Trade Smart Online
There is no doubt that the favorite market for most traders be it retail or institution is the options market. The risk profile suits the institutional investors and the returns potential is what attracts the retail trader. Most retail traders however, end up losing money more often than not, apart from an occasional winning trade.
One of the reasons is that these traders do not have a plan and the second is they have the same plan for all occasions. If they feel bullish they buy a call and if they feel bearish they buy a put. But this strategy is useful in only handful of situations. Further, markets trend less than 30 per cent of the time, most of the times it is moving in a narrow range.
There are numerous strategies out there which have been described in various books. But not all are useful to a retail trader. The high cost of trading on account of higher brokerages in most conventional broking outfits and higher tax structure in India make most of these strategies uneconomical.
A retail trader should look at some basic strategies with minimum number of legs that he or she can use on his every day trade.
The key ingredient of using a strategy is to presume what is expected from the stocks or the index going forward. View on the stock or the market is most important in deciding which strategy to use. Buying a call if you are bullish or a put if you are bearish works only if the market moves in your favour sharply. Markets and stocks generally grind their way up or down and only in few cases do they move up or down sharply. Buying of calls and puts thus does not work in favour in most of the cases.
Let’s take into consideration various scenarios in the market and look at the adequate strategies. Markets are either trending or are sideways. Various strategies need to be adopted in such situations.
Sideways or moderately bullish or bearish: Apart from a few high beta or highly volatile stocks most stocks generally move slowly. The strategy to use in case one has stocks in their portfolio or intends to take a new bet is the ‘covered call’ or ‘covered put’. This strategy is used to earn money when the trader expects slight change in the price of the underlying stock.
Suppose a trader holds a low beta or a less volatile stock like a pharmaceutical stock. If the stock is in an uptrend it is safer to opt for a covered call and if it is in a downtrend a covered put strategy should be put to use. A covered call strategy requires a trader to buy the underlying stock or future and sell an out of the money call option. Even if the stock languishes around the same level the trader will end up making money from the premium collected by selling the call option. In case if the stock goes higher than the strike price of the option, the underlying stock or the future will cover it. If the price closes lower, then the entire premium turns into a profit. Assume that Nifty is trading at 8500. A trader who is slightly bullish would like to buy a covered call would end up buying a Nifty future and sell the 8600 call. He will be capping his profit at 8600, if Nifty goes above this level, his losses in writing a call option will be set off against the profit from his futures position. In case if Nifty falls, he is protected only to the extent of his call option premium.
If one wants to protect their downside risk too, then he would create a ‘Vertical spread’. In case a trader is slightly bullish he can set up a vertical call spread, which is nothing but buying an ‘in-the-money’ call and selling an ‘out-of-the-money’ call option.
Suppose the Nifty is trading at 8450 and a trader expects that it may touch its resistance at 8600. In such a case the trader will create a vertical call bull spread by buying an 8400 call option and selling an 8600 call option. This way his profit is locked at 8600, but his downside is restricted to the cost of spread which is the difference between the prices of the two options.

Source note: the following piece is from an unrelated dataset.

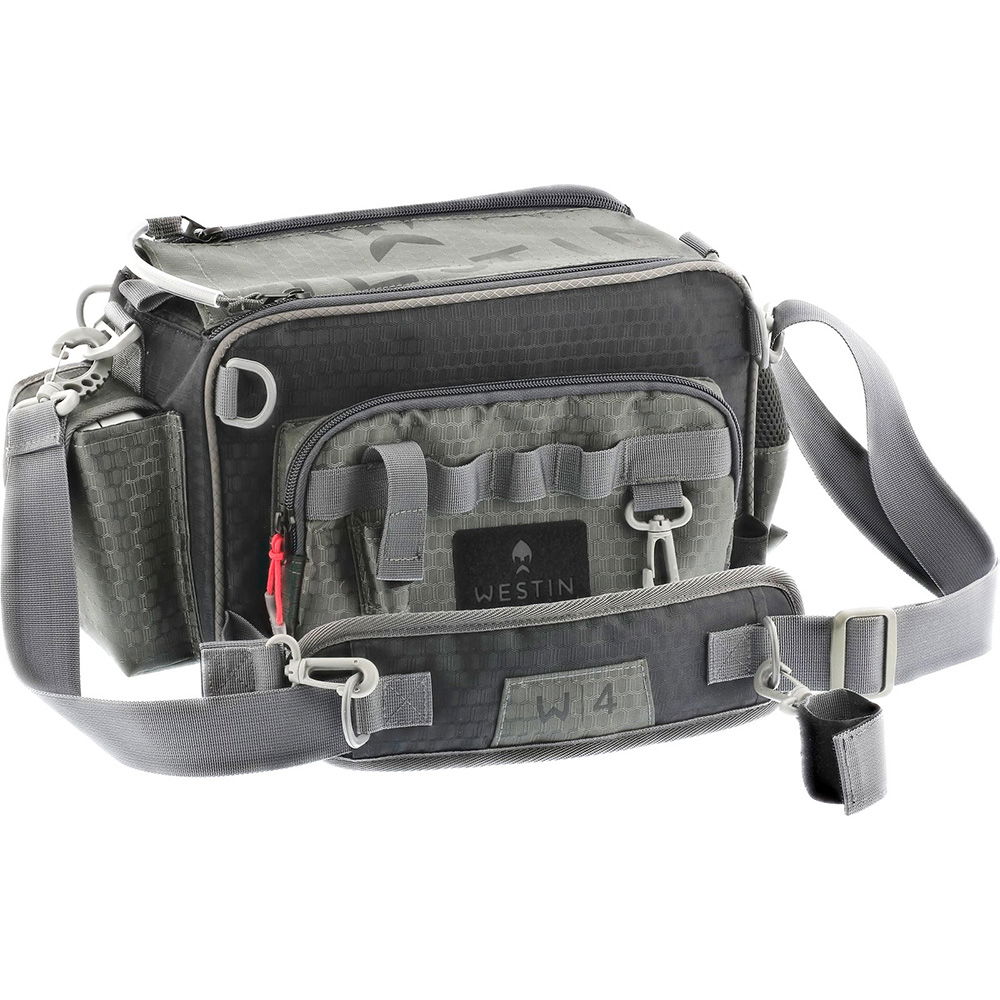 Två Westin-betesboxar ingår för förvaring av både mjuk- och hårdbeten, tillsammans med en box för småtillbehör (terminal tackle). Två fästpunkter gör det möjligt att bära ett spö och en håv på utsidan av väskan. Sidofickan är designad för en vattenflaska.
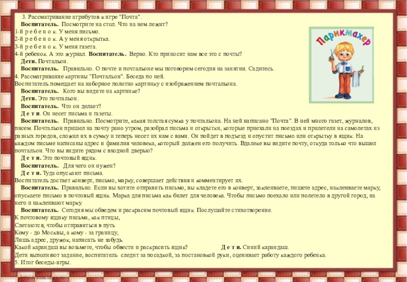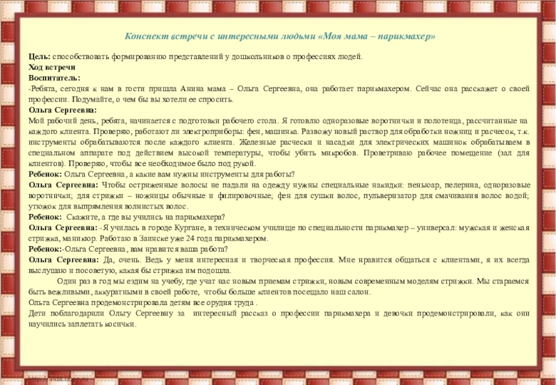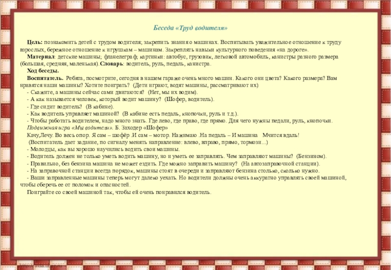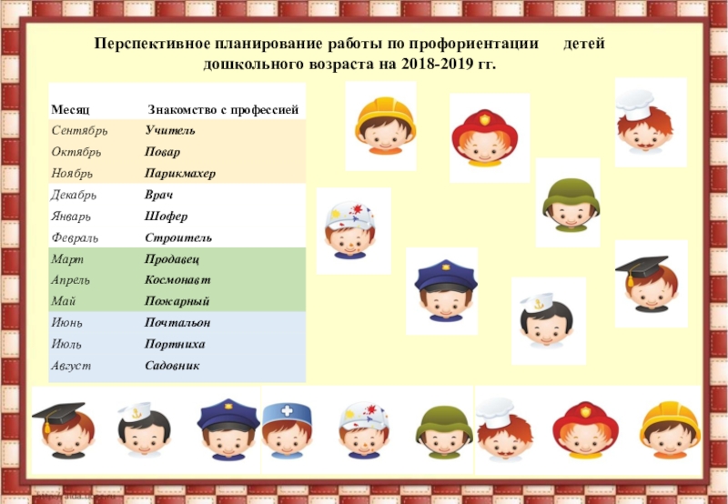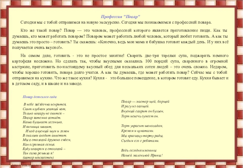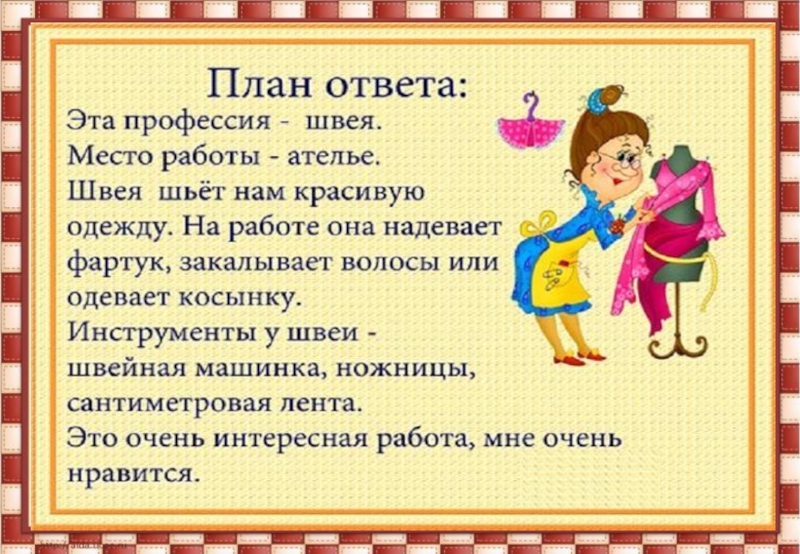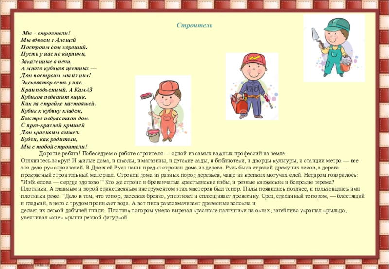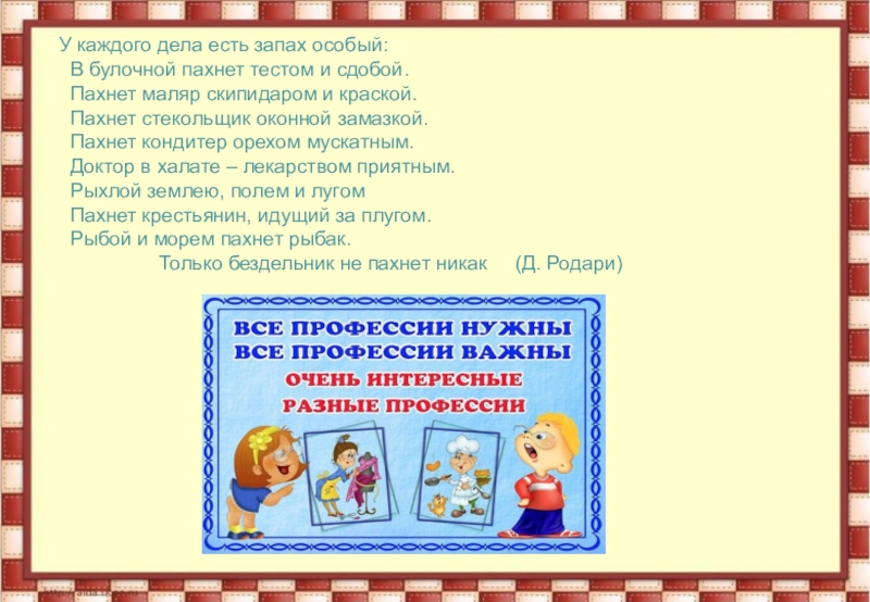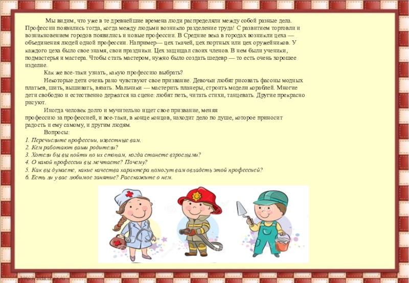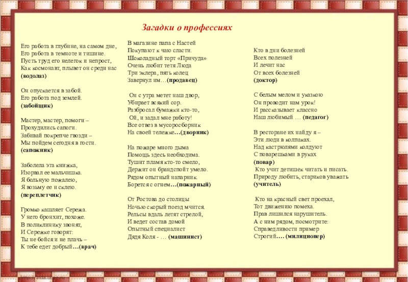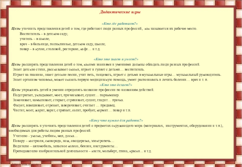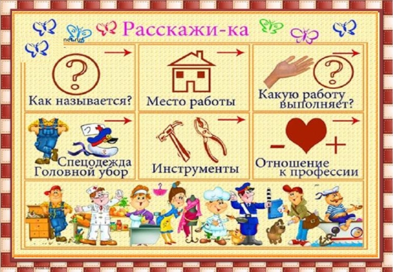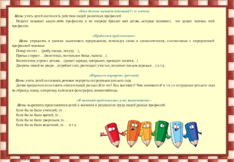 Цель: упражнять детей в умении определять название профессии по названиям действий.

There are times when market or a stock is lackluster. There is barely any movement which causes the option price to fall though the underlying stock is not doing much.
Assume Nifty is moving in a range of 8400 and 8600 just ahead of budget announcement. A short straddle can be created by selling both the call and put option of the same strike price. In the present case one can create a short straddle by selling the 8500 call as well as put option. Maximum profit is possible if Nifty closes at 8500. The trader needs to be careful in closing the position ahead of the event as markets are likely to blast away in one direction which will expose him to huge loses. A short strangle can also be created by selling call and put options of different strike prices. In the present case it would mean selling an 8400 put and an 8600 call.
How to trade a major event: Just ahead of a big event, like an election or a credit policy or a result markets and stocks tend to move in a small range before blasting away in one direction. Since the outcome is unknown the best strategy during such times is to create a straddle or a strangle.
Straddle is created by buying a call and put of the same strike. This strategy is most commonly followed by traders during Infosys results. However, as the date of the event nears, the premium of call and put both increases substantially thus reducing the chance of a profit.
Strangle is created by buying a call and put of various strikes. In the case of Nifty a trader can buy a 8400 put and 8600 call in anticipation of market moving away on one direction.
How to protect your profits: In case a stock or the index that a trader has bought moves up sharply and the trader is keen on protecting his profit, he creates a ‘Protective collar’ strategy. The trader purchases an out of the money put option and at the same time writes an out of the money call option.
The beauty of option is it allows one to be very creative, but a trader needs to keep in mind his cost of setting up a strategy. The most important reason professional traders prefer options is because it informs them of their risk and potential reward in various market scenario.